Image by lisa runnels from Pixabay

This article presents an approach for using a custom operator and the Operator SDK to transform a collection of YAML files into a custom resource. It outlines the steps for creating a distinctive resource CustomResource / CustomResourceDefinition that you can use to deploy a predefined set of resources, such as a particular policy, governance, or deployment.

The primary aim of this article is to demonstrate how operators can serve as governance tools in a multitenant setting. By delegating access controls to tenant teams, platform administrators can enable self-service capabilities within their organizations without jeopardizing coexistence among tenants.

[ Learn how to extend the Kubernetes API with operators

Prerequisites for this tutorial

  1. You have an understanding of the basics of Kubernetes and you are the administrator of the cluster where you are deploying. To follow this example, a local machine instance is good enough.
  2. An understanding of Ansible basics is important.
  3. You need access to a container image repository to publish images built during this exercise.

Get started

For this tutorial, you'll simulate a scenario or a problem statement you are trying to solve.
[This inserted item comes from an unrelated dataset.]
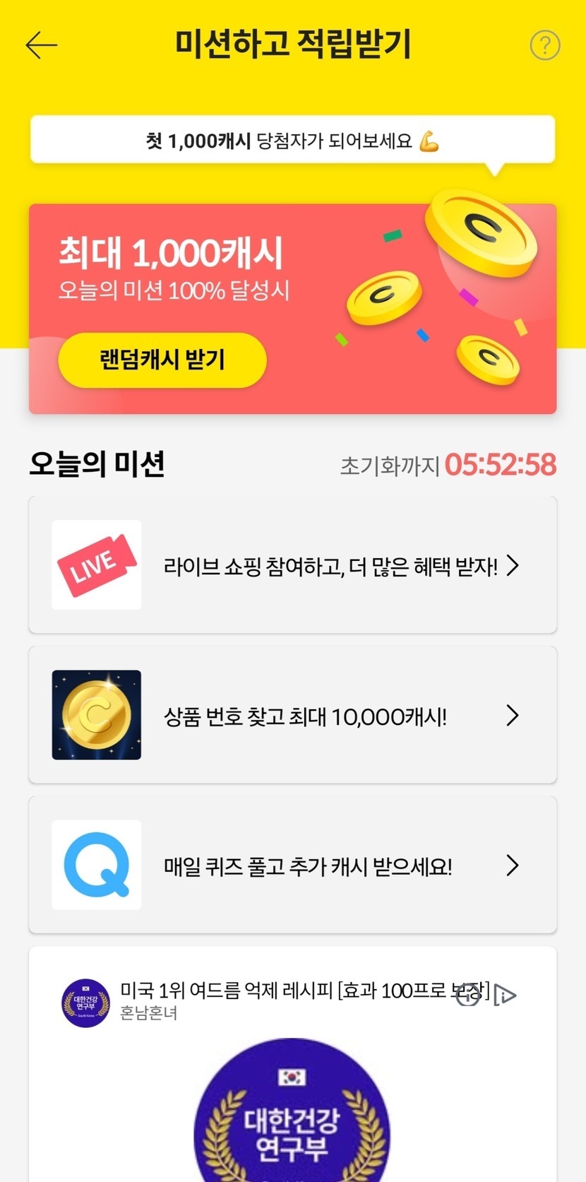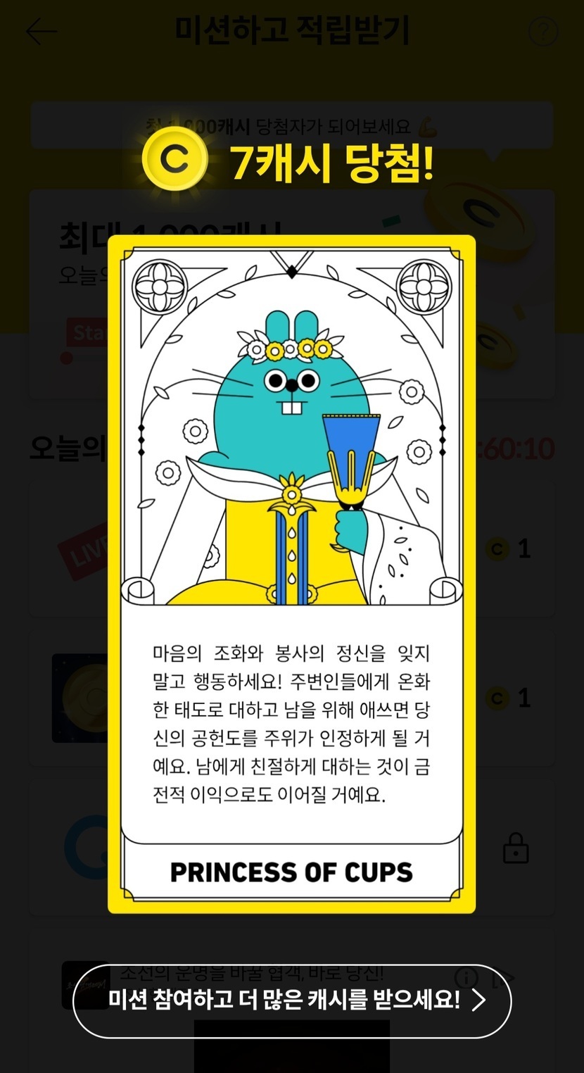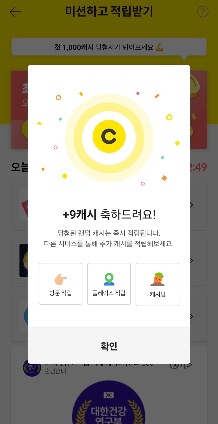 미션성공 9캐시 적립~~!!

You want your cluster's tenants to have the ability to create or delete a namespace in a multitenant environment.

However, this scenario poses some problems that you need to solve to answer this request:

  • There is a single resource type kind: Namespace. Providing create or delete access to this resource would potentially grant access to delete namespaces belonging to another tenant in the same cluster.
  • Tenants can create namespaces without restrictions without mapping to resource quotas or LDAP bindings to the namespace, among others.

Now I'll explore how you can solve this problem and make this scenario a self-service capability for tenants using operators.

Step 1: Install the dependent libraries

The dependencies required in your PATH variables are

  1. Kubectl
  2. Container runtime such as Podman
  3. Operator SDK (see documentation)

Step 2: Set up the environment

Log in to OpenShift or Kubernetes as kubeadmin (prefer a local instance).

Clone an empty git repo to your local machine. This is needed to store the code you generate. Then switch into the cloned folder.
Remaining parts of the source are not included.